Such indeed is the case on paper. But the acquisition of an Islamic character for the state is no more than an aspiration on the part of some Pakistanis. Actually, the corruption and profligacy of the state’s functionaries are unbounded and so well known that its claim to being Islamic can be dismissed as sheer hypocrisy.
It may then be fair to conclude that the abolition of separate electorates has done nothing to undermine the ideology of Pakistan because, functionally speaking, it has had no ideology. It should be noted that the absence of a professed ideology does not make a state amoral. The state in Japan, Britain, Germany, France, Italy, and a host of other countries incorporated native religious values and principles into its ethic and ethos. With reference to the generally valued public virtues, none of these non-ideological states is any less moral than any Muslim state that calls itself Islamic.

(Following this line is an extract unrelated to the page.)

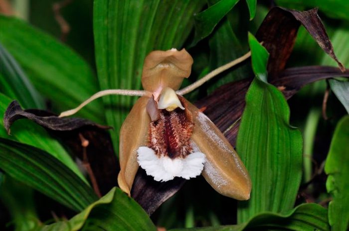 У природі їх можна зустріти тільки високо в Гімалаях, при цьому вона росте практично біля самої межі снігів. Ця рослина є холодолюбивым і має псевдобульби кулясто-видовженої форми, які в довжину досягають від 3 до 5 сантиметрів і 2-я довгими листочками. На квітконосах розміщуються від 3 до 8 штук квіточок білого забарвлення і досить великого розміру (діаметр до 10 сантиметрів). Відрізняються дані квітки формою губи. Так, вона трилопатева і має 5 добре помітних «гребінців»-виростів. Цвітіння спостерігається з зимового за початок весняного періоду.

History tells us also that ideological states — be they Islamic, Hindu, communist, or fascist — cannot function as democracies. Their rulers do not allow non-conformist equal rights, and they will imprison or kill great numbers of actual or suspected opponents as Stalin and Mao did and, more recently, as the clergy in Iran and the Taliban in Afghanistan did.
The next National Assembly will consist of 350 members. Assuming a population of 150 million (which we will soon reach), this means that on average each member will represent a little more than 400,000 persons. Is that too large a number? That depends on what we consider the function of a representative to be.
According to one American version, commended by Thomas Jefferson, a representative is no more than a spokesman of his constituents, obligated to express their wishes, views, and preferences in the legislature. He is their agent, their deputy. He is also to run “errands” for them, that is, intercede with government agencies on their behalf when they do not get what is lawfully their due. In this context, there is surely a limit to the number of persons a representative can effectively serve.
Then there is another view, typically associated with Edmund Burke (1729-1797), the grandfather of modern conservatives, albeit of the classical variety. Campaigning for a seat in the House of Commons, he once told the voters in his constituency (Bristol) that, if elected, he would not lobby for any individual or group, that while elected from Bristol, he would act as a representative of the nation as a whole, that he would not follow their instructions while speaking and voting in the House, and that he owed them his best judgment, not subservience to their opinions or passions of the day. In this view of the matter, the size of a constituency does not make much of a difference to a representative’s effectiveness.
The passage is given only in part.